1) ADHESION AU MOUVEMENT ET A LA VITESSE: on reproche, on vient de la voir, à
la philosophie d’être obsolète, dépassée, d’être incapable de suivre le monde (déterminé
d’un point de vue strictement économique du reste) en perpétuel changement.
Loin de nier le mouvement ou de chercher à l’immobiliser, Foucault, en effet, en fait
une composante essentielle de notre présent (la modernité, c’est le fugitif, le
transitoire, le contingent…); en même temps, Foucault n’accepte pas ce mouvement
incessant tel quel, comme un destin, qui nous déterminerait sans reste et auquel il
faudrait à toute force s’adapter; il s’agirait pour lui de comprendre comment cette
accélération, cette vitesse, en est ainsi venue à être considérée comme la détermination
destinale de notre époque, y compris dans ses impacts, ses incarnations dans les
formes institutionnelles de nos sociétés et, en ce qui nous concerne, dans le système
scolaire.
Une telle adhésion explique le rythme effréné des réformes du système scolaire,
provoquant périodiquement des crises, des chocs plus ou moins intenses, présentant à
chaque fois le changement comme une solution nécessaire, bienvenue même – et sans
égard à leur succès plus ou moins convainquant (Étude ERES Larose-Duchesne sur le
RP)
La restructuration permanente du système scolaire est immanente à son fonctionnement
même, montre Gilles Gagné (Main basse sur l’éducation, p. 22)

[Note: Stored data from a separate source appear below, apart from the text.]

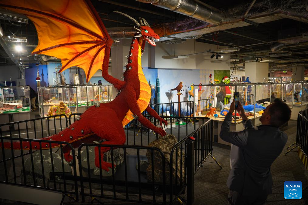 VARSOVIA, 4 octubre, 2025 (Xinhua) -- Imagen del 3 de octubre de 2025 de un visitante tomando fotografías de un modelo de dragón construido con piezas de Lego en una exposición de Lego, en el Estadio Nacional, en Varsovia, Polonia. La exposición de Lego se inauguró aquí el viernes. (Xinhua/Jaap Arriens)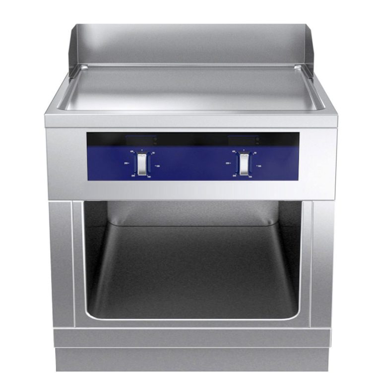 Fry top elettrico con piastra liscia al cromo su vano aperto, modulo intero, con alzatina posteriore - 1 lato operatore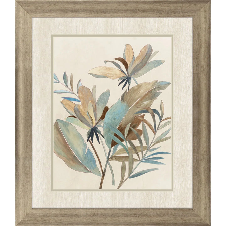 Transform your living space with a touch of nature-inspired elegance. This artwork features tropical leaves in soothing blue and brown hues, designed to bring a coastal charm to any room. The botanical image is set against a backdrop of premium matting, enhancing its visual appeal and adding depth to the piece. The combination of soft beige, brown, blue, and green tones makes it a versatile addition to various decor styles, blending seamlessly with existing interiors.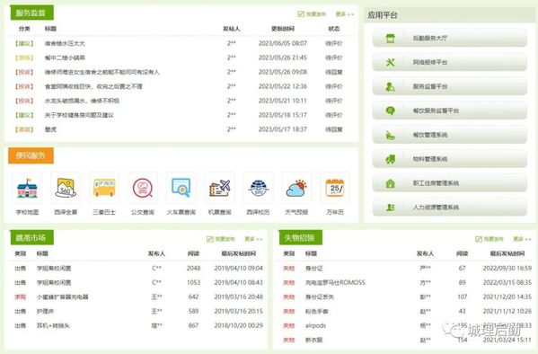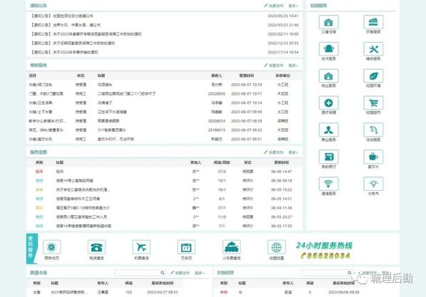 该校上线后勤服务大厅,整合了网上报修平台、服务监督平台、公寓住宿、饮食服务、物业服务、用电查询、校卡服务、医疗保健、失物招领等校园服务应用。通过建立信息化服务平台,设立一体化的服务中心,提供自助服务功能,为服务体系打造了集信息、咨询、报修、投诉为一体的服务平台。师生可以通过网站、APP、微信等渠道实现宿舍报修、餐饮预定等服务,信息化服务满足了师生需求,提高了服务质量、服务效率。建立了安全预警系统,可以及时监测和预警各项安全隐患,确保师生的身心安全。

Qu’est-ce que cela signifie qu’un document comme le rapport Demers fasse ainsi du
mouvement et de la vitesse le déterminant de ce que doit devenir le cégep?

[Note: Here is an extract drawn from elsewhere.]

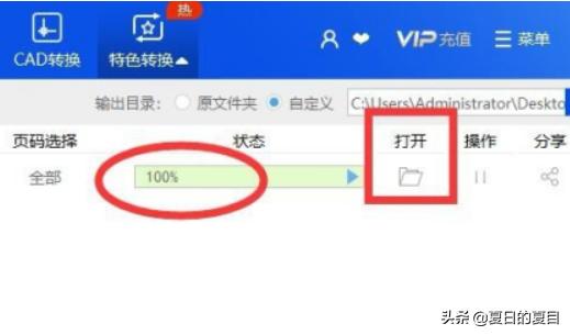 5.稍等片刻后,文件翻译很快的。当页面上方的【状态】栏目中,转换进度显示100%的时候。文件翻译就完成了,然后直接在页面点击【打开】按钮,就可以查看翻译完成的中文文件了。

Le reproche que l’on nous fait d’être un frein à la diplômation indique que tenter de
saisir le sens de ce qui change sans cesse n’a plus de place dans les cours au cégep.
Bien loin d’être moderne cette exigence de s’adapter sans cesse au mouvement
incessant semble bien relever d’une attitude que l’on peut qualifier d’antimoderne.

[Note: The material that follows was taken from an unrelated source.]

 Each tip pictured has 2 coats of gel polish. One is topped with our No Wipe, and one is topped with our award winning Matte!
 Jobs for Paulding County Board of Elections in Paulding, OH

Ce que l’on demande à la philosophie, si l’on se fie aux propos rapportés en novembre
dernier par l’exécutif du CEEP, c’est qu’elle s’adapte à une clientèle, la « différenciation
de l’enseignement de la philosophie, et cela sur tous les plans (G. Leroux, p. 331).
4
Comment concrètement, se fera cette « différenciation », cette adaptation, sinon par un
alignement sur les programmes, selon les critères fixés par les profils de sortie qui
déterminent nos étudiants en clientèle et les catégorisent en fonction des besoins d’un
marché sans cesse en mouvement et de plus en plus violent (concurrentiel)?
La volonté actuelle du ministre Blais de « ne pas former de chômeurs » (propos tenus
par son attachée politique Caroline Trottier lors de notre rencontre mi-mai) est certes
louable.
On peut toutefois poser alors une question toute bête : le maintien de la philosophie
comme discipline commune et obligatoire, en quoi favoriserait-il la formation de
chômeurs? Il y a ici un préjugé si tenace que même ceux qui se déclarent en faveur de
la philosophie collégiale et qui s’en proclament les défenseurs semblent le reprendre tel
quel, sans discussion…
Il s’agit plutôt, en fonction d’objectifs repensés, d’enrichir l’offre en la modulant, de créer
des partenariats, de donner à la philosophie son plein potentiel d’interpellation des
disciplines présentes dans les programmes. Il s’agit de sortir de cette forteresse où nous
sommes liés et de nous ouvrir à la demande de philosophie qui s’exprime partout, dit
Georges Leroux par exemple dans un ouvrage qui vient de paraître… (329, mais aussi
346)
Dans ce discours convenu autour de notre soi-disant obsolescence et de notre
prétendu enfermement, de notre manque d’adaptabilité alléguée, de notre rigidité
supposée, se manifeste l’idéologie de notre époque et se manifeste aussi sa forme de
pouvoir (Virilio parle de la dromocratie, de dromos, la course), qui s’exerce sur notre
société, via la mise au pas de son principal lieu de reproduction, l’école.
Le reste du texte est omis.